For example, if you did an addition-reduction across a list of numbers (such as [1,2,3,4,5,6]
), you'd loop over them adding them together as you go. The reduction would add 1
to 2
, and add that result to 3
, and then add that result to 4
, and so on, resulting in the final summation: 21
.
The original version of compose(..)
uses a loop and eagerly (aka, immediately) calculates the result of one call to pass into the next call. This is a reduction of a list of functions, so we can do that same thing with reduce(..)
:
function compose(...fns) {
return function composed(result){
return [...fns].reverse().reduce( function reducer(result,fn){
return fn( result );
}, result );
};
}
// or the ES6 => form
var compose = (...fns) =>
result =>
[...fns].reverse().reduce(
(result,fn) =>
fn( result )
, result
);
Note: This implementation of compose(..)
uses [...fns].reverse().reduce(..)
to reduce from right-to-left.

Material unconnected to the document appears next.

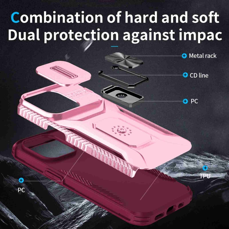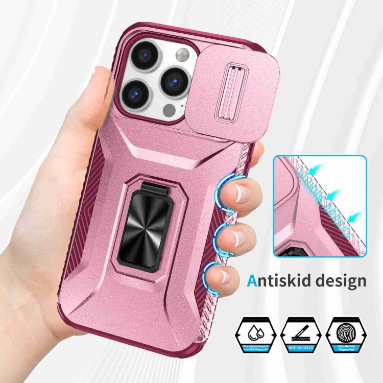 Estuche para Teléfono iPhone 14 Pro con Soporte Deslizante para Levas (Rosa + Rojo Rosa)
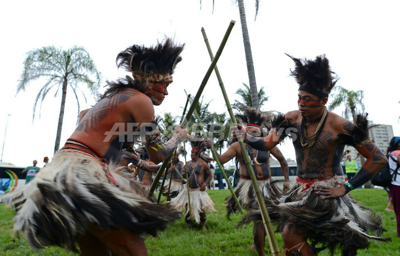 宣言はまた、「リオ+20」が提唱するグリーン経済について「自然の生命力を商品化することでしか自然を『救う』ことができないという考えを前提にしているが、それは先住民たちと母なる大地が520年にわたって抵抗してきた植民地主義の延長だと考える。私たち先住民の自己決定、自治、それに基づく開発、土地・居住地・資源に対してわれわれが持つ固有の権利などは、ますます各国政府と多国籍企業の連合による攻撃にさらされている」とも訴えている。(c)AFP

We'll revisit compose(..)
in Chapter 9, instead using reduceRight(..)
for that purpose.
Notice that the reduce(..)
looping happens each time the final composed(..)
function is run, and that each intermediate result(..)
is passed along to the next iteration as the input to the next call.
The advantage of this implementation is that the code is more concise and also that it uses a well-known FP construct: reduce(..)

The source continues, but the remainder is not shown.